Pale brown solid. 1H NMR (300 MHz, CD3OD) δ 7.65 (s, 1H); 7.08 (s, 1H): 6.89 (s, 2H, HAr); 5.99 (d, J = 8.5 Hz, 1H, H1); 4.31 (t, J = 8.8 Hz, 1H, H2); 3.92 (br s, 1H, H4); 3.84–3.65 (m, 3H, H5, 6); 3.59 (dd, J = 9.1 Hz, 3.1 Hz, 1H, H3); 2.20 (s, 3H, CH3); 1.94 (br s, 6H, CH3). 13C NMR (75 MHz, CD3OD) δ 166.4 (C2Imi); 140.7, 137.0, 136.7, 136.2 (CAr); 130.1 (CHAr); 124.6 (C5Imi); 119.6 (C4Imi); 94.4 (C1); 80.9 (C5); 80.2 (C3); 77.3 (C2); 70.6 (C4); 62.9 (C6); 21.1, 18.7, 17.9 (CH3Ar).

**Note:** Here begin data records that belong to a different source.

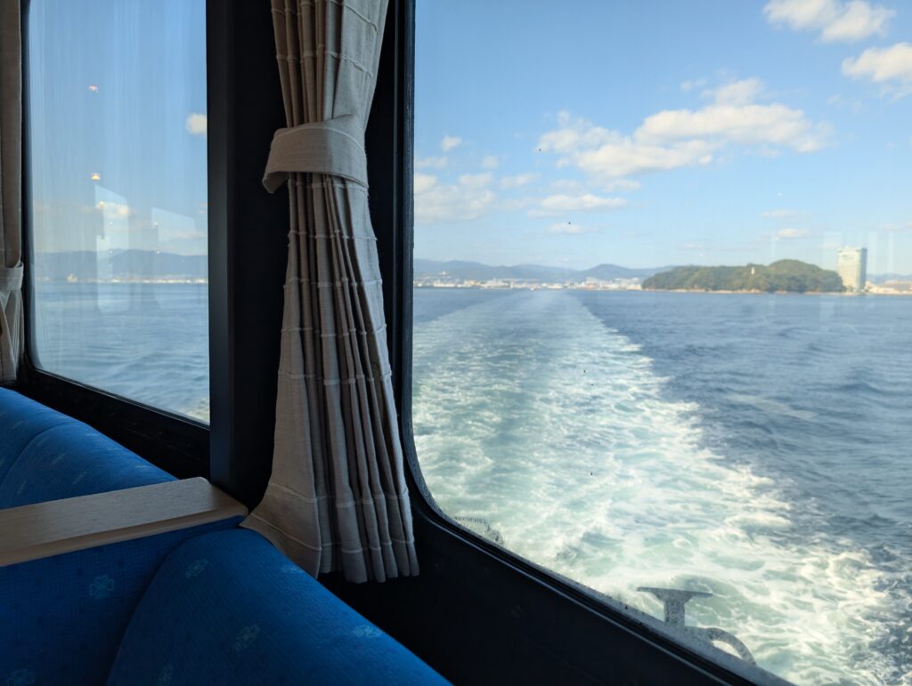 広島から松山までは2時間半もあるので、同じ席で座っているのに疲れたら船内を歩いたり違う席で休憩したりといろいろと気分転換できるのもとっても嬉しいですね!
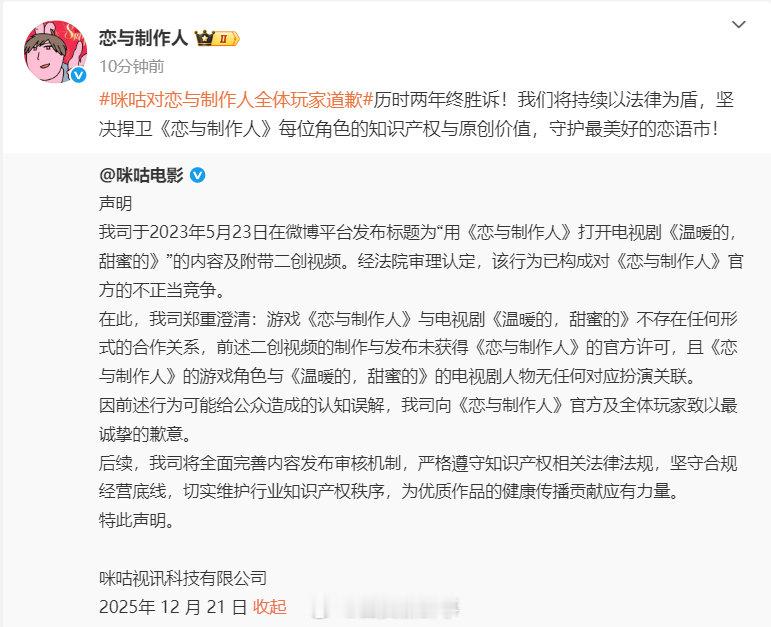 恋与制作人回应咪咕电影恋与制作人捍卫原创守护恋语市12月21日,发文向《恋与制作人》及相关玩家道歉随后,对相关致歉进行回应:咪咕对恋与制作人全体玩家道歉历时两年终胜诉!我们将持续以法律为盾,坚决捍卫《恋与制作人》每位角色的知识产权与原创价值,守护最美好的恋语市!
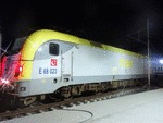 An electric locomotive of TCDD (Turkiye Cumhuriyeti Devlet Demiryollari / Turkish Railways ) "Trakya" with number E 68 023 staning at railway station Edirne with International train with number 1496 to Plovdiv.
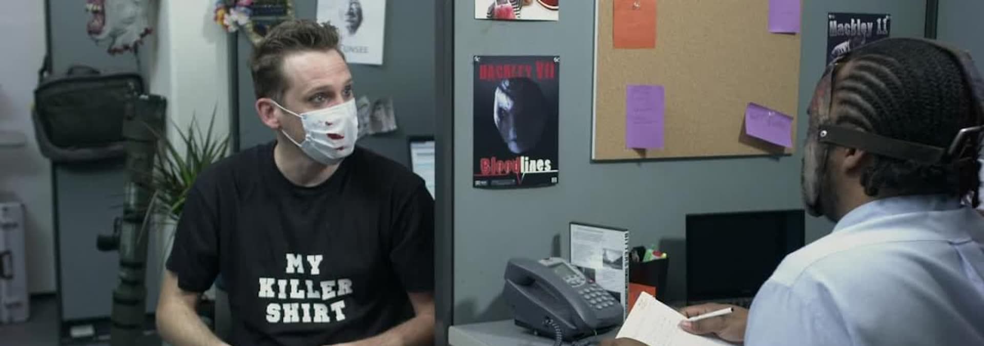 In this genre parody, a masked slasher struggles in a modern cube-farm office, with an incompetent manager, rival slashers, and overbearing rules.
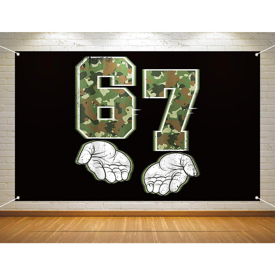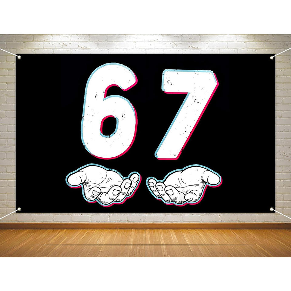 Toile de fond personnalisable pour anniversaire sur le thème des Mèmes 6 7, avec décorations amusantes de beignets et glaces, bannière de fête
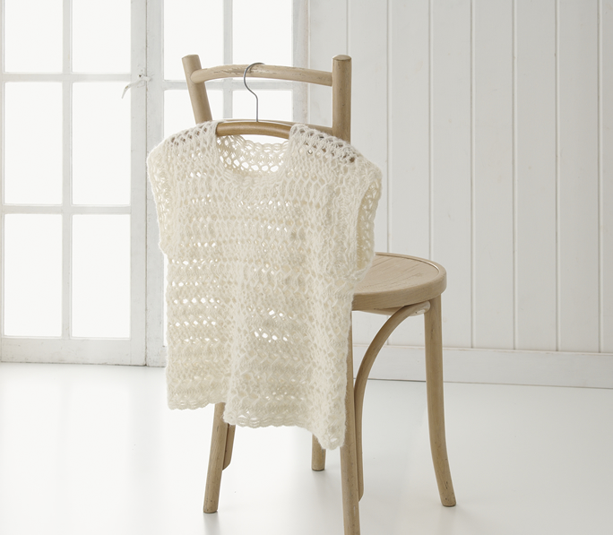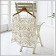 中央に3本目のピンを立てると、編み目がきれいに揃います。ピンに穴があいているので編み地に別糸が通せます。編み地同士をつないだりギャザーを作るなど、アレンジするのにとても便利です。
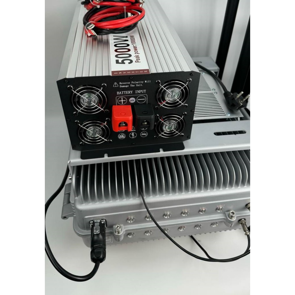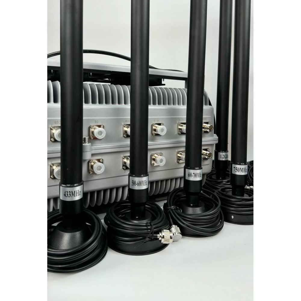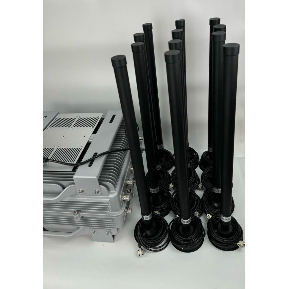Это один из самых мощных подавителей дронов, общей мощностью 600 Вт, что позволяет эффективно бороться с беспилотными аппаратами на больших расстояниях.
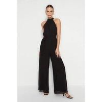This woven maxi jumpsuit features an elegant halterneck silhouette complemented by a self-tie belt that defines the waist for a flattering fit. Designed with a lightweight chiffon outer layer and a smooth lining, it offers graceful movement alongside comfortable coverage. The wide-leg cut creates a fluid, elongated shape, while the sleeveless construction enhances ease of wear. Ideal for special occasions and elevated evening looks, this jumpsuit delivers a refined balance of sophistication, comfort, an...
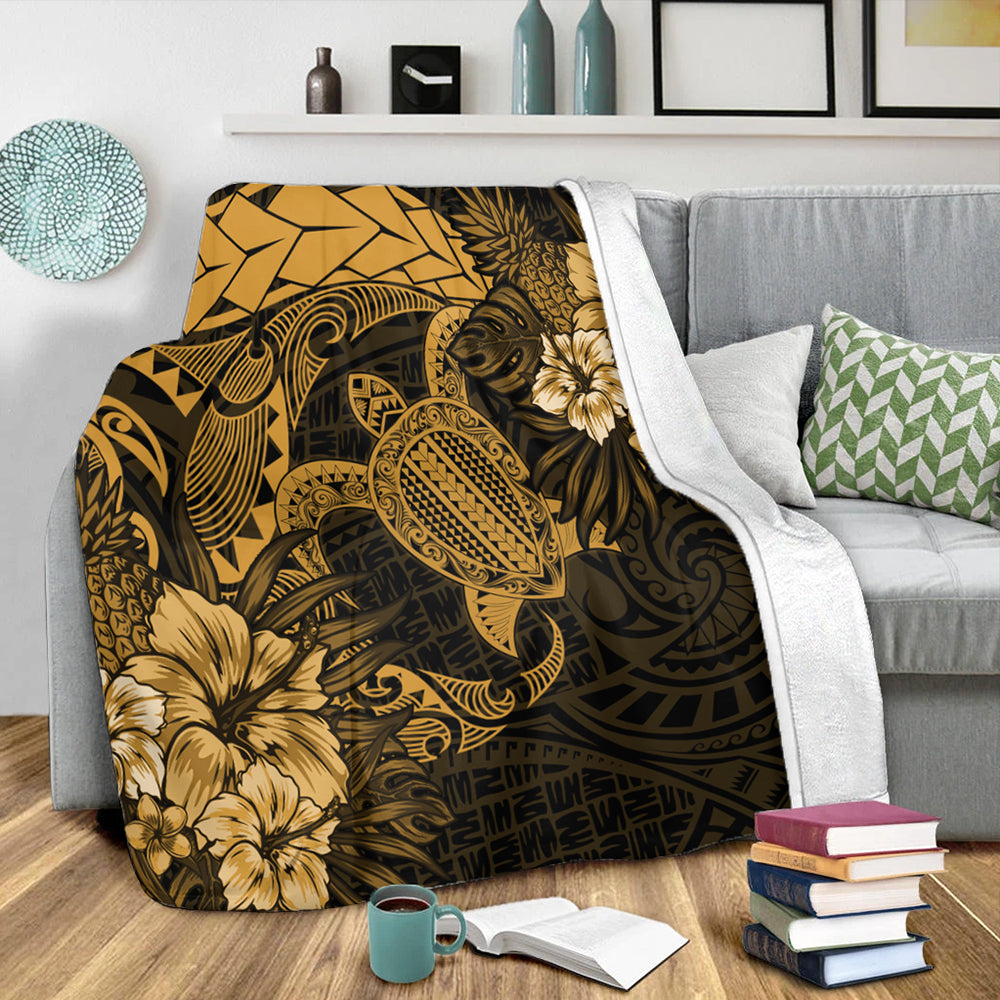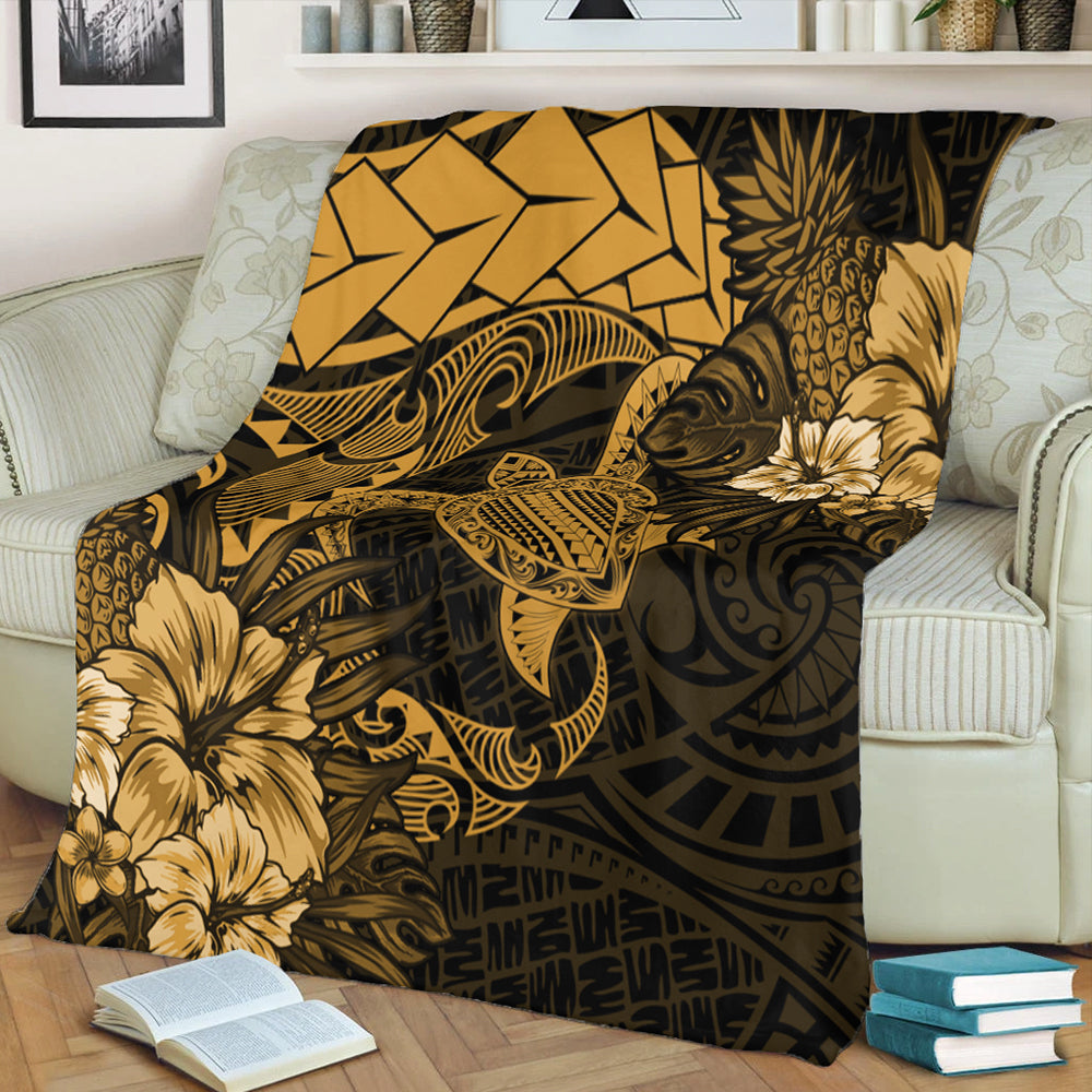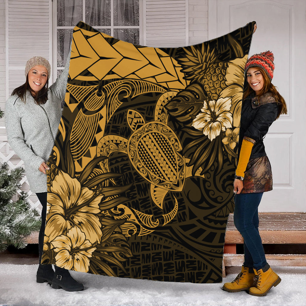 Hawaii Premium Blanket Hawaii Polynesian Turtle Tropical Golden

General Method for the Alkyne Hydration Reactions in MeOH

Catalyst (0.005 mmol) was added to a solution of phenylacetylene (0.5 mmol, 55 μL) in MeOH (3 mL) and pure H2O (100 μL). In the case of the silver salt methodology, together with the catalyst, 0.005 mmol of AgOTs was added. The mixture was vigorously stirred at 100 °C (oil bath) in an ampoule tube equipped with a PTFE valve for 20 or 1 h (AgOTs methodology). After allowing it to cool down to room temperature, the organic product was extracted with diethyl ether (3 mL × 5 mL); the combined organic layers were dried over MgSO4 and injected on GC to determine the reaction conversion. The aqueous phase was reused, as specified in the Results and Discussion section.